[Work request]
Word-for-word repetition of the records below is needed, but only from the line holding "Pierścionek z białego" through the final line, with pictures excluded.

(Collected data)
....

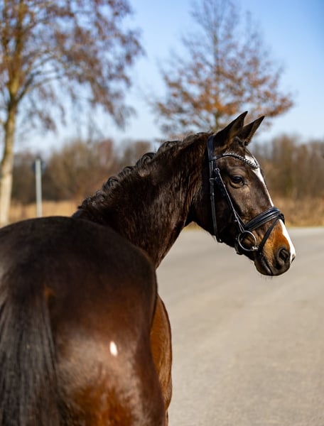 Dark brown 5-year-old Trakehner mare – refined and well-ridden For sale is an elegant, long-legged 5-year-old Trakehner mare in noble dark brown, with plenty of type and presence. She is registered in the Main Studbook and completed her mare performance test with an overall score of 8.0 – making her an interesting option both sportingly and for breeding purposes. Under saddle, she proves to be reliable, well-ridden, and pleasant in contact. She is sensitive to aids, provides good riding feel, and works with motivation. Her clear attitude and willingness to perform make her a versatile partner – suitable for ambitious leisure riders as well as riders with sporting goals. In daily handling, she is friendly, balanced, and uncomplicated. A pretty, modern all-rounder with potential and quality. ⸻ IMPORTANT: The mare is currently barefoot. With front shoes, she could possibly present herself even more expressively from the front. She has very good hooves and manages barefoot excellently. ⸻ 📍 Location: Rosenheim 📞 Contact gladly by phone or WhatsApp 📧 Also reachable via email ❗ Please do not send inquiries via Messenger
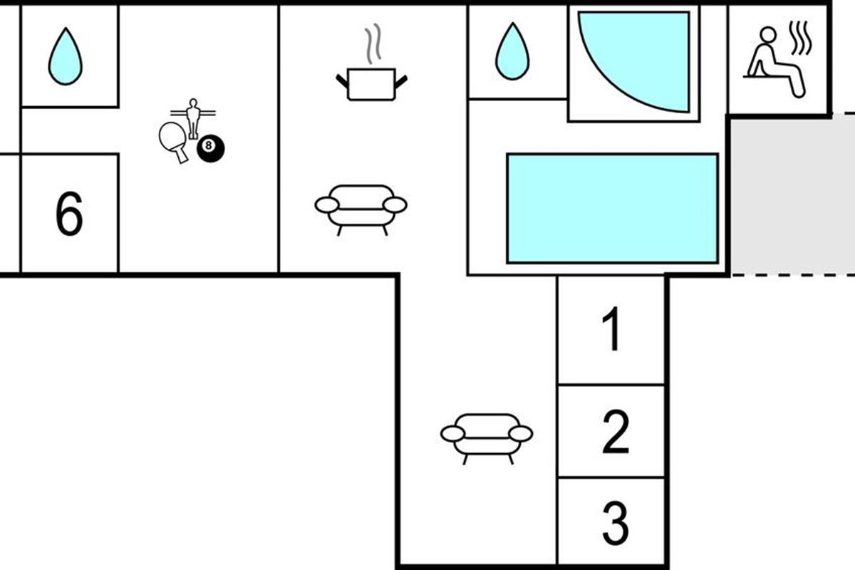 Welkom in dit vakantiehuis, dat met zijn goede voorzieningen niets te wensen overlaat. Het hart van het huis is de moderne keuken met lange eettafel, waar u gezellige avonden kunt doorbrengen met eten met familie of vrienden. De woonkamer met een grote zithoek nodigt uit tot ontspanning voor de tv. Dankzij de activiteitenruimte met onder andere biljart en tafeltennis hoeft u zich gegarandeerd niet te vervelen.
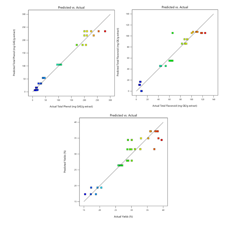 While these optimization results provide useful guidance for process conditions, it is important to acknowledge the potential trade-offs that arise when multiple responses are considered simultaneously. Although the present study applied a single-objective optimization approach for TPC, TFC and extraction yield individually, it is critical to recognize that these responses are not always complementary. In particular, higher extraction yields achieved through elevated voltage or prolonged extraction time may lead to thermal degradation of phenolic and flavonoid compounds, as observed in the declining TPC and TFC values at 270 s in certain conditions. These observations underscore the inherent trade-offs between maximizing extract quantity and preserving compound stability and bioactivity. Therefore, the optimal extraction condition proposed in this study should be interpreted as a practical compromise balancing efficiency and molecular integrity rather than achieving absolute maxima for each variable. While a full multi-objective optimization (e.g., Pareto front) was beyond the scope of this work, it represents an important direction for future research to more systematically account for competing objectives in extraction system design. Although the process was successfully optimized using an empirical RSM approach, the current dataset did not permit reliable kinetic or thermodynamic modeling. Further studies are recommended to develop mechanistic models by incorporating more frequent time-point sampling and advanced thermal characterization.
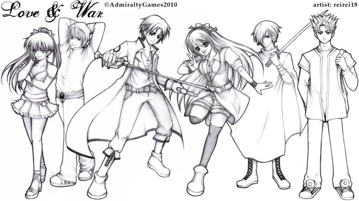 I was working on 2 other game projects at school, commissions and other excuses. I understand that I volunteered coz I didn’t imagine that it’d be a terribly busy year so I really appreciate Admiral for all the patience.. gaah… In the end, I only finished coloring 4 characters after knowing my partner, King-sama, will do the coloring for the game art and background. Nevertheless, I did my own presentation for the 4 characters I colored:
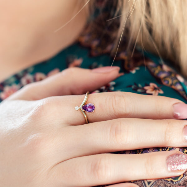Pierścionek z białego złota w kształcie łuku z fioletowym szafirem 0,83 ct oraz diamentem 0,02 ct - próba 0,585
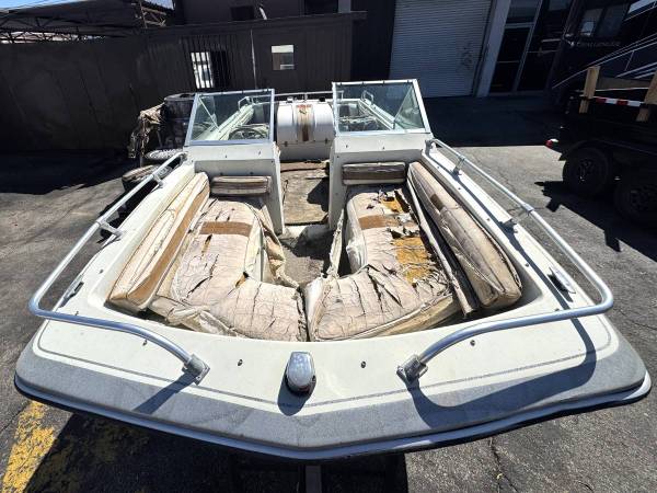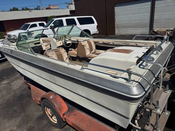 I am selling this *RUNS* - GALAXIE RUNABOUT TRI-HULL - 188HP MOTOR MERCRUISER OUTDRIVE. This Galaxie boat body is in VERY good shape. The hull and the overall fiberglass body are free of major damages or repairs. For the age of this boat, it is in surprisingly good shape as far as the fiberglass is concerned. The upholstery, as you can see in the photos, needs work I have powered on the motor, and the motor and drive are working good. I have posted many photos of the boat, and also have videos to show the motor running. TRAILER IS INCLUDED.

....

[Result for this task]
Pierścionek z białego złota w kształcie łuku z fioletowym szafirem 0,83 ct oraz diamentem 0,02 ct - próba 0,585
 I am selling this *RUNS* - GALAXIE RUNABOUT TRI-HULL - 188HP MOTOR MERCRUISER OUTDRIVE. This Galaxie boat body is in VERY good shape. The hull and the overall fiberglass body are free of major damages or repairs. For the age of this boat, it is in surprisingly good shape as far as the fiberglass is concerned. The upholstery, as you can see in the photos, needs work I have powered on the motor, and the motor and drive are working good. I have posted many photos of the boat, and also have videos to show the motor running. TRAILER IS INCLUDED.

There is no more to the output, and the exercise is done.